UNITED STATES DISTRICT COURT FOR THE EASTERN DISTRICT OF CALIFORNIA
May 28, 2013
No. 2:11-cv-2548 TLN DAD P (E.D. Cal. May. 28, 2013)

Opinion

No. 2:11-cv-2548 TLN DAD P

05-28-2013

EDWARD LONG, Plaintiff, v. D. MINER et al., Defendants.


FINDINGS AND RECOMMENDATIONS

Plaintiff is a state prisoner proceeding pro se with a civil rights action seeking relief under 42 U.S.C. § 1983. This matter is before the court on a motion to dismiss brought on behalf of defendants McLean, Martinez, and Miner. Plaintiff has filed an opposition to the motion, and defendants have filed a reply.

BACKGROUND

Plaintiff is proceeding on an amended complaint against defendants Housley, McLean, Martinez, Miner, and Williams. Therein, plaintiff alleges that he suffers from rheumatoid arthritis and has not received adequate medical care for his condition. Plaintiff alleges that he complained about his medical care through the administrative grievance process but received no appropriate relief. Plaintiff claims that the defendants have violated his rights under the Eighth Amendment. In terms of relief, plaintiff requests an award of monetary damages. (Am. Compl. at 3 & Attach. 1-14.)

Defendant Williams is represented by separate counsel and is not a party to this motion. Defendant Houseley has yet to appear in this action.

THE PARTIES' ARGUMENTS

In the pending motion to dismiss, defense counsel argues that plaintiff's complaint fails to state a cognizable claim against inmate appeal coordinator defendants McLean, Martinez, and Miner because plaintiff has no separate constitutional right to a prison grievance or appeal system and, at most, plaintiff has alleged a difference of opinion with defendants as to the medical treatment he believes he needed. Counsel also argues that the moving defendants are entitled to qualified immunity because they promptly reviewed and responded to plaintiff's inmate grievances and did not violate his constitutional rights. Finally, counsel argues that plaintiff's state law negligence claim does not allege the involvement of any of the defendants and should be dismissed without prejudice to plaintiff's re-filing of a complaint in state court. (Defs.' Mot. to Dismiss at 4-6.)
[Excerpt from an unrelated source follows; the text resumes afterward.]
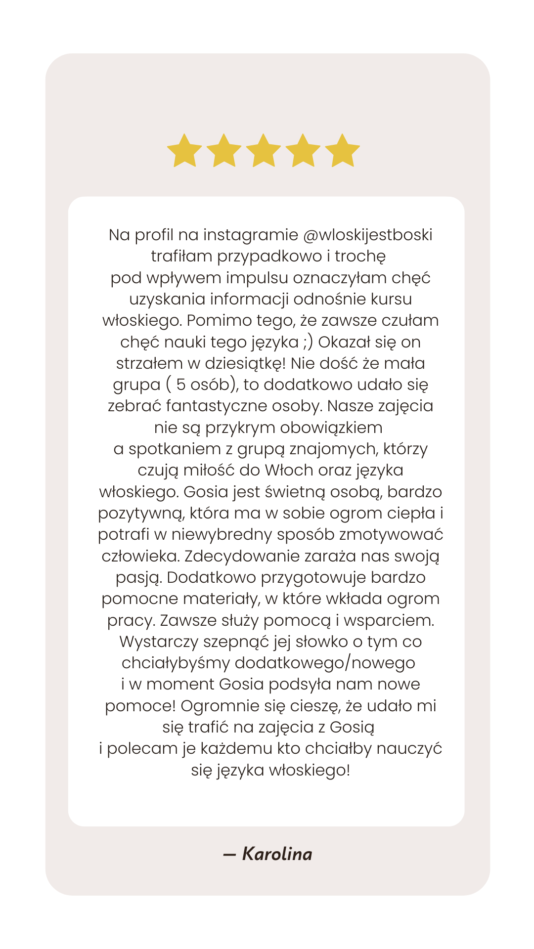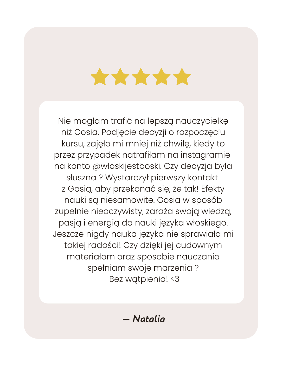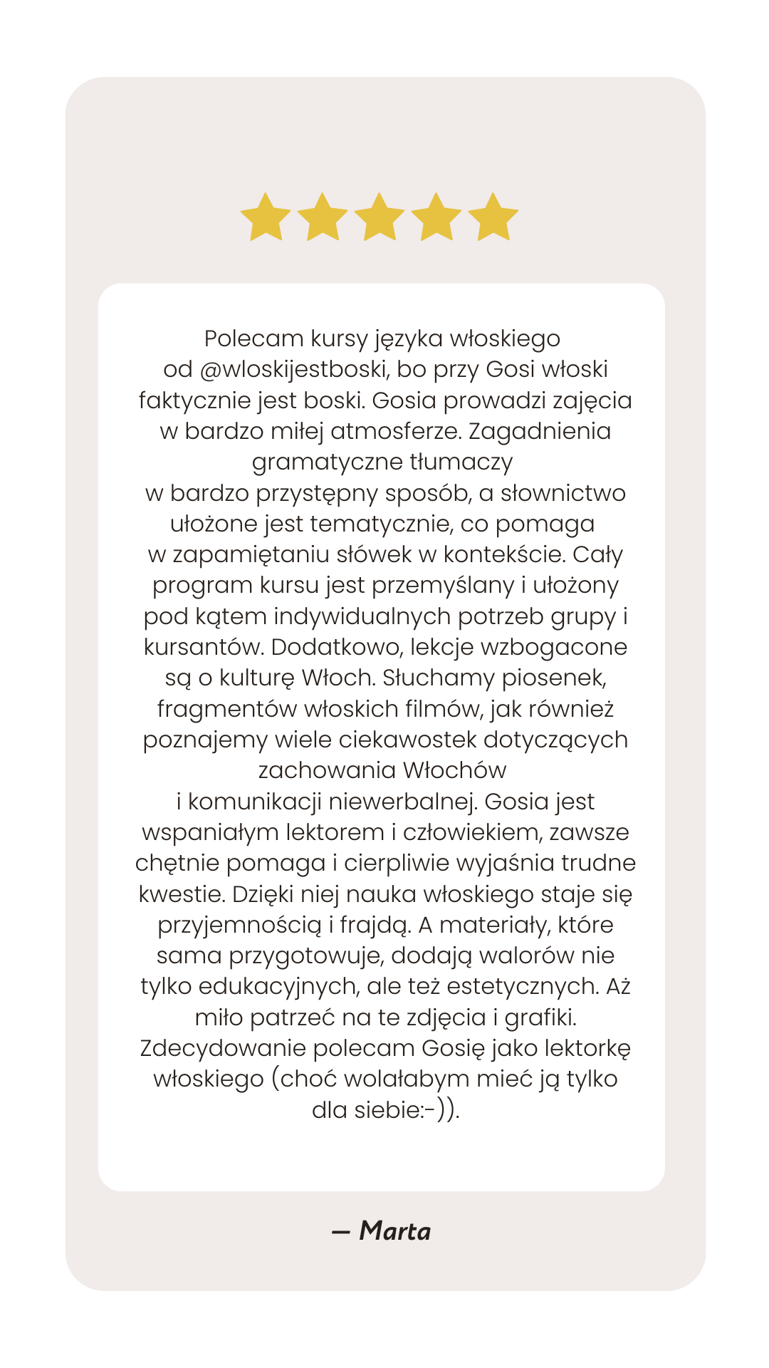 Mam na imię Gosia i od 10 lat uczę języka włoskiego, od pięciu lat prowadzę profil @wloskijestboski, gdzie pokazuję, że włoski jest naprawdę boski i to nie tylko dzięki dziełom Michała Anioła, cudownym pejzażom czy smacznej kuchni. Z ogromną przyjemnością wprowadzę Cię w świat tego wspaniałego języka.

In opposition to the pending motion, plaintiff argues that his complaint states a cognizable claim against the appeal coordinator defendants because he has specifically alleged that those defendants failed to schedule medically necessary appointments for him. Plaintiff also argues that the named defendants are highly-trained medical professionals yet delayed, interfered with, and denied him medical care, so they should not be able to escape liability through qualified immunity. Finally, plaintiff argues that he "obviously implied" that his state law negligence claim was directed at the defendants he named in the complaint. (Pl.'s Opp'n to Defs.' Mot. to Dismiss at 1-7.)

APPLICABLE LEGAL STANDARDS

I. Motion to Dismiss Pursuant to Rule 12(b)(6)

A motion to dismiss pursuant to Rule 12(b)(6) of the Federal Rules of Civil Procedure tests the sufficiency of the complaint. North Star Int'l v. Arizona Corp. Comm'n, 720 F.2d 578, 581 (9th Cir. 1983). Dismissal of the complaint, or any claim within it, "can be based on the lack of a cognizable legal theory or the absence of sufficient facts alleged under a cognizable legal theory." Balistreri v. Pacifica Police Dep't, 901 F.2d 696, 699 (9th Cir. 1990). To survive dismissal for failure to state a claim a complaint must contain more than "a formulaic recitation of the elements of a cause of action;" it must contain factual allegations sufficient "to raise a right to relief above the speculative level." Bell Atlantic Corp. v. Twombly, 550 U.S. 544, 555 (2007). See also Ashcroft v. Iqbal, 556 U.S. 662, 679 (2009) ("While legal conclusions can provide a framework for a complaint, they must be supported by factual allegations.").

In determining whether a pleading states a claim, the court accepts as true all material allegations in the complaint and construes those allegations, as well as the reasonable inferences that can be drawn from them, in the light most favorable to the plaintiff. Hishon v. King & Spalding, 467 U.S. 69, 73 (1984); Hosp. Bldg. Co. v. Trustees of Rex Hosp., 425 U.S. 738, 740 (1976); Love v. United States, 915 F.2d 1242, 1245 (9th Cir. 1989). In the context of a motion to dismiss, the court also resolves doubts in the plaintiff's favor. Jenkins v. McKeithen, 395 U.S. 411, 421 (1969). However, the court need not accept as true conclusory allegations, unreasonable inferences, or unwarranted deductions of fact. W. Mining Council v. Watt, 643 F.2d 618, 624 (9th Cir. 1981).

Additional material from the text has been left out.